Even if the analysis was implemented in Vala the optimization could not be easily implemented without tweaks to detect the ABI. It would not be impossible to simply export gee_array_list_add to allow compiler to look up the correct function and use it directly. As it changes the ABI the classes would need to be explicitly annotated.

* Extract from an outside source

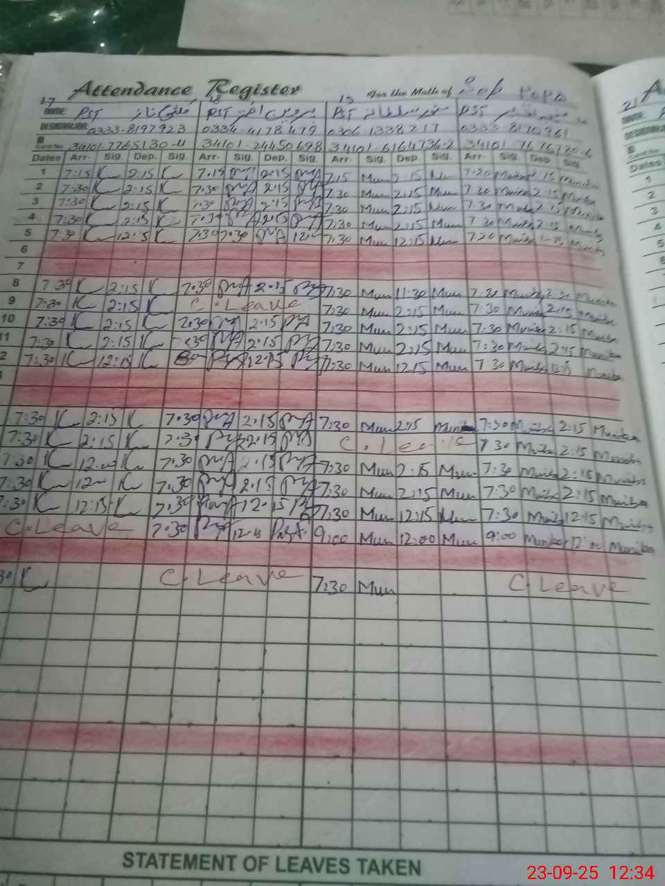 | CNIC | Full Name | Designation | R/C | Absence During Last Calender Month |

Other problem present in Vala is the abstract classes deriving from interfaces. If class overrides a method of such interface currently the following happens:

Interface method resolution function (my own naming – not a standard one) is called – 1 direct jump
The interface vtable is looked up (memory load) and from it is read a location of abstract class resolution function – 1 indirect jump
The abstract class vtable is looked up (memory load) and from it the real function is executed – 1 indirect jump
The real method is executed

In total it is 2 indirect jumps (depending on memory load) and 1 direct jump. There seems to be at least 2 ways of improving it:

Instead of overriding just the abstract class the child class might simply reimplement the interface under the hood thus allowing to directly jump to the method. It seems to be possible given existence of g_type_interface_peek_parent.

As the interface implementation can be per-derived class instead of one per hierarchy the pointer to real implementation can be inserted into the vtable. This allows to skip the detour via abstract class resolution function and one indirect call saving some time.
While technically not fully compatible with GObject it is possible to directly resolve the method from outside the class. Consider following loop:
```
List<int> list = ...
for (int i = 0; i < list.size; i++) {
    do_something (list.get (i));
}
```
It would be compiled into something roughly corresponding to:
```
GeeList list = ...
for (int i = 0; i < gee_list_get_size (list); i++) {
    int tmp = gee_list_get (i);
    do_something (tmp);
}
```
Instead it would be possible to simply get the function pointers for the gee_list_get_size and gee_list_get – chances are that register won’t be saved on stack and they would be used right away. In following code it might not do much difference but it more complicated ones it might make an impact.

Conclusion

Control flow may have an impact on the performance of the program. Usually the compiler, JIT and natural flow of language directs to certain usage-patterns which can be exploited. Unfortunately Vala doesn’t have many optimizations implemented (at least yet) and they cannot be done by C compiler.

In many cases people either don’t care about performance (does it matter if calculator displays result in few 17 ms faster?). Once people are interested in performance they can start optimizing even if it is not natural way in a language (for example struct of arrays in C/C++). It is worth to keep in mind for such case that Vala does not optimize the virtual calls as much as C++ or Java.